Collected data
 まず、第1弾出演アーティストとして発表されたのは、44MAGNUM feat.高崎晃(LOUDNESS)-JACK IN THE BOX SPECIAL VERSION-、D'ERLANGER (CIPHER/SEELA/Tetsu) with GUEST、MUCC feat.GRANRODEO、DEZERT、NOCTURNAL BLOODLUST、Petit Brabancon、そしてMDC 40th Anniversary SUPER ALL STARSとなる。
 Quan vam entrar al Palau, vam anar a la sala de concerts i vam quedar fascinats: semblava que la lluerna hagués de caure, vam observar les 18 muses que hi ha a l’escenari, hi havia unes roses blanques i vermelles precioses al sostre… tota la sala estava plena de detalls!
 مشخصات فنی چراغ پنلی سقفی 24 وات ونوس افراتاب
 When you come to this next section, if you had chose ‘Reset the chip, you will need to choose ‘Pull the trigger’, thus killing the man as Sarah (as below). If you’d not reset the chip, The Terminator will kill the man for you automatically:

What this task involves
In full and word for word, restate the data.

Task response
 まず、第1弾出演アーティストとして発表されたのは、44MAGNUM feat.高崎晃(LOUDNESS)-JACK IN THE BOX SPECIAL VERSION-、D'ERLANGER (CIPHER/SEELA/Tetsu) with GUEST、MUCC feat.GRANRODEO、DEZERT、NOCTURNAL BLOODLUST、Petit Brabancon、そしてMDC 40th Anniversary SUPER ALL STARSとなる。
 Quan vam entrar al Palau, vam anar a la sala de concerts i vam quedar fascinats: semblava que la lluerna hagués de caure, vam observar les 18 muses que hi ha a l’escenari, hi havia unes roses blanques i vermelles precioses al sostre… tota la sala estava plena de detalls!
 مشخصات فنی چراغ پنلی سقفی 24 وات ونوس افراتاب
 When you come to this next section, if you had chose ‘Reset the chip, you will need to choose ‘Pull the trigger’, thus killing the man as Sarah (as below). If you’d not reset the chip, The Terminator will kill the man for you automatically:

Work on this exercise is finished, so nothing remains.